Ich benötige erst einmal Code um das Verzeichniss auszulesen. Soweit ich es bis jetzt gelernt habe gehört diese in die EJB rein. So, also habe ich jetzt ein eindimensionales Array mit "File" Instanzen in der EJB.
Meine HTML Tabelle erstelle ich in der JSPBean. Diese muß nun gefüllt werden mit den Daten, die ich in der EJB habe. Dafür sehe ich nun 2 Möglichkeiten:

1. Ich hole mir das eindimensionale Array von "File"s in die JSPBean, hole mir die Daten raus, wie Dateiname, Größe und Datum, wandele es jeweils in einen String um, wie ich es brauche und fülle damit die Tabelle.

oder 2.
ich erstelle in der EJB ein zweidimensionales Array mit Strings, schreibe dort die Daten aus dem FileArray rein (Dateiname, Größe und Änderungsdatum) und hole mir nur dieses StringArray in die JSPBean und muß nur noch ganz einfach die Tabelle füllen.

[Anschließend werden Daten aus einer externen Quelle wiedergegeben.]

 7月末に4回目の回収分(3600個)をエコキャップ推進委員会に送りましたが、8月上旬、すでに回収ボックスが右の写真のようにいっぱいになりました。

So, konkrete Frage ... wohin gehört der Code für die Umwandlung der Daten in den FileInstanzen in Strings? In die EJB oder JSPBean?

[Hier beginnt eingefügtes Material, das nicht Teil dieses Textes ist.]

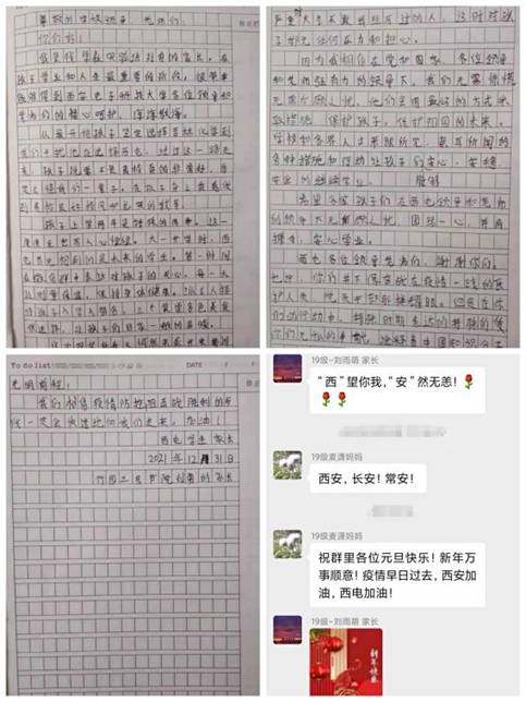 “我们无须惊慌,无需后顾之忧,他们会用最好的方式采取措施,保护孩子、保护祖国的未来”“希望各位孩子在西电领导和老师的领导之下,团结一心、并肩携手、安心学业。”作为经历过武汉疫情的家长,FUN88乐天使钱学森班刘勇的母亲满怀特殊的心情写下一封亲笔家书,以诚挚的文字,书写对公司、公司的信任与感谢。信中真诚质朴的话语,温暖了诸多学子,增添了更多信心。
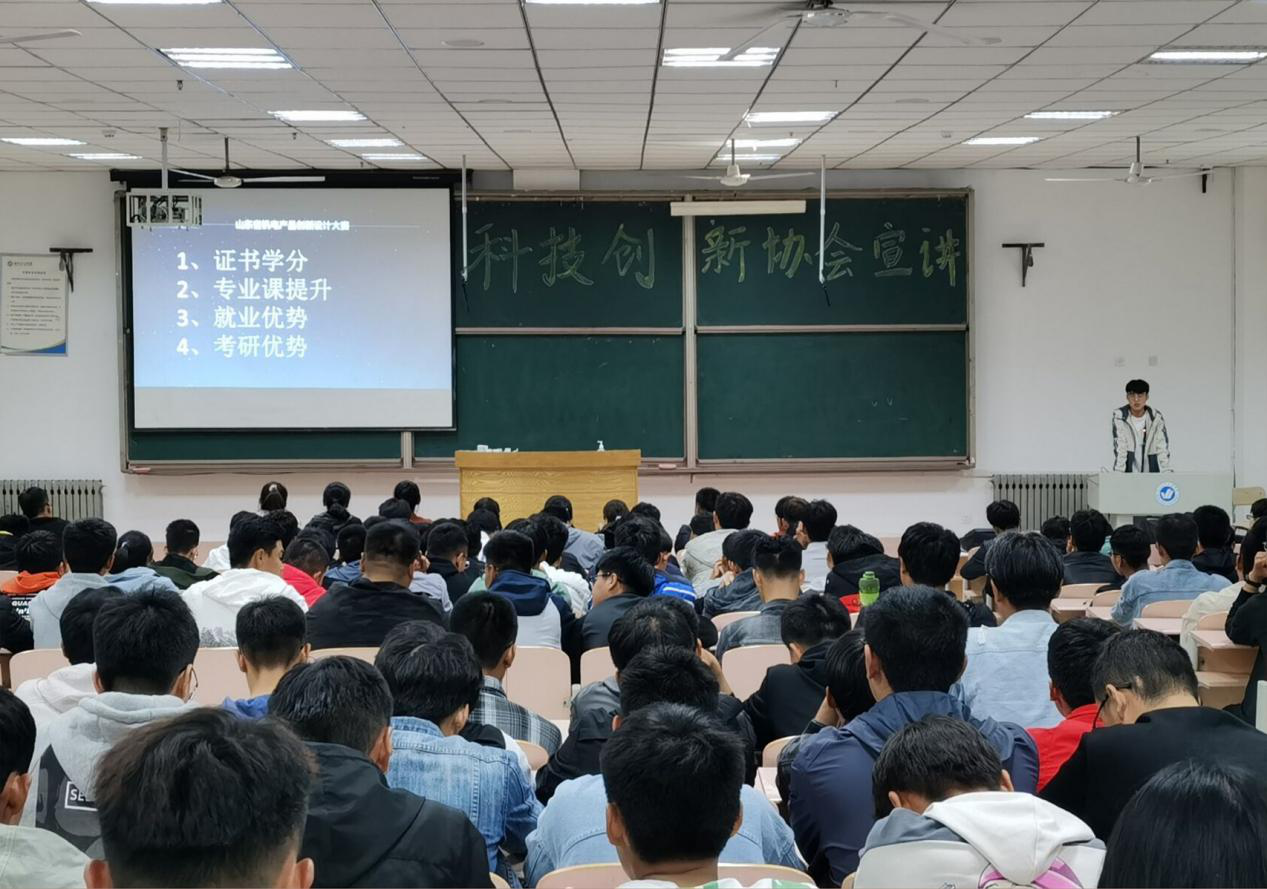 讲座伊始,梁会长首先对科技创新协会的性质做了简要介绍。接着,他从学分、专业课、就业、创业和考研等几个方面剖析了科技创新协会的优势,并总结出通过协会可以提升员工自身学习与创新能力并获得荣誉,鼓励大一新生挑战自我;随后,梁会长介绍了曾参加的山东省机电设计大赛、互联网+老员工创新创业大赛以及全国三维数字化创新设计大赛,并视频展示了例如美缝之家、公路卫士等获奖作品及荣誉,考虑到学子们对协会工作内容和参与方式的不了解,他通过视频向同学们展示了实物组作品及虚拟作品制作过程,虚拟组VR作品。最后梁会长向同学们介绍了包括3D建模在内的科技创新协会培训内容,赢得了台下新生的热烈掌声,激发了学子们学习新事物的兴趣,为机电学子打开了一扇创新的窗口。

Für die Methode 1 spräche meiner Meinung, daß ich die Umwandlung nur für die Anzeige brauche. Allerdings spricht auch für die Methode 2 daß es doch etwas aufwendigerer Code ist.

Beste Grüße
Denis


----------



## SnooP (5. Okt 2006)

Das ist nen recht rudimentäres Beispiel... aber ich würde den Code in die JSP-Ecke packen - da es letztlich um nichts anderes als Visualisierung geht. Die Umwandlung in Strings kann man also getrost dort erledigen, also in der JSPBean, die die Tabelle erstellt... wichtig ist vor allem am Ende, dass die JSP selbst nicht vollgemüllt mit code ist, der über Taglibs und Aufrufe einzelner Methoden hinausgeht


----------



## Ralf Ueberfuhr (5. Okt 2006)

Am elegantesten wäre es natürlich, das Ziel von JSP 2.0 - die Eliminierung von Code aus der JSP zu verbannen - zu verfolgen und Custom Tags zu verwenden. Oder zumindest eine Zwischenschicht, die die Ausgaben konvertiert, falls dies zu komplex ist.

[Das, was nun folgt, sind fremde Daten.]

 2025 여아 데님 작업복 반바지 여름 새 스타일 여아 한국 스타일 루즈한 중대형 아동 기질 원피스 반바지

Wenn es mit JSTL machbar ist, kann man auch die verwenden und braucht keine eigenen Tags zu erstellen.


----------



## freez (5. Okt 2006)

OK ... danke derweil, das war schon aufschlußreich.

Was verstehe ich denn eigentlich unter Custom Tags?


----------



## byte (5. Okt 2006)

masseur81 hat gesagt.:
			
		

> ...die Eliminierung von Code aus der JSP zu verbannen...



Immer diese doppelte Verneinung... :roll:


----------



## Ralf Ueberfuhr (5. Okt 2006)

Oh, das passiert wenn man zwischendurch nachdenkt. ;-)

Custom Tags sind (einfach gesagt) Java-Klassen, die über einen TLD als Tags in einer JSP zur Verfügung stehen.


----------